Receiver operating characteristic (ROC) curve analyses
Given the elevated baseline risk for mild-moderate HTG for individuals with 22q11.2DS, we constructed ROC curves to classify mild-moderate HTG status based on logistic regression models using TG-PRS, sex, and BMI as predictor variables, independently or in various combinations (TG-PRS+BMI, TG-PRS+sex, BMI+sex, TG-PRS+BMI+sex). Logistic regression models were implemented using the glm() function in R and all visualizations and analyses related ROC curves were done using the R package “pROC” [33]. Delong’s test for two correlated ROC curves was used to test for the difference between the area under the curve (AUC) of two ROC curves and the optimal sensitivity and specificity of each ROC curve was determined using Youden’s J statistic. Confidence intervals for AUCs were calculated using 2000 bootstrap replicates.
Rare variant analyses
To prioritize variants for assessment of clinical relevance with respect to their relationship to causing extreme lipid levels (i.e., high TG, LDLC, HDLC, and low HDLC), we restricted to variants affecting protein coding or splicing regions that are (1) very rare (gnomAD PopMax filtering allele frequency<0.2%), (2) loss of function (LoF) or predicted damaging missense, and (3) within genes relevant to lipid levels that are part of a targeted next generation sequencing (NGS) panel (n=33 candidate genes) used at a specialized genetics clinic for lipid metabolism disorders in London, Ontario [34] (Additional file 1: Table S5).

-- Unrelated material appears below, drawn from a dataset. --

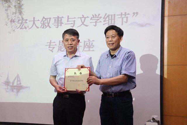 近日,中国电影文学学会副会长、中国作家协会影视委员会副主任黄亚洲先生应邀在南校东004学术报告厅开展了一场主题为“宏大叙事与文学细节”的讲座。中文系教师、长治地区部分作家、中文系300多名学生聆听讲座。党委委员、副院长赵巨涛主持讲座。

Prioritized rare variants were then assessed using the American College of Medical Genetics and Genomics (ACMG) variant interpretation guidelines [35] or LDLR-specific guidelines developed by ClinGen [36]. For further details on variant prioritization, see Additional File 2: Supplementary methods.
Additionally, we sought to assess whether being a carrier of a rare variant, including those with potentially smaller effect sizes that are not considered pathogenic/likely pathogenic per ACMG criteria, would be associated with altered lipid levels (Additional file 1: Table S5). An association between “rare variant carrier status” and lipid levels was assessed using the same univariable and multivariable linear regression models as for PRS analyses, but with the rare variant carrier status variable in place of the PRS variable. For additional details on the filtering criteria for rare variants for this analysis, see Additional File 2: Supplementary Methods.
All statistical analyses were performed using R version 4.0.3. Statistical significance was defined as p<0.05. P-values were not adjusted for multiple testing.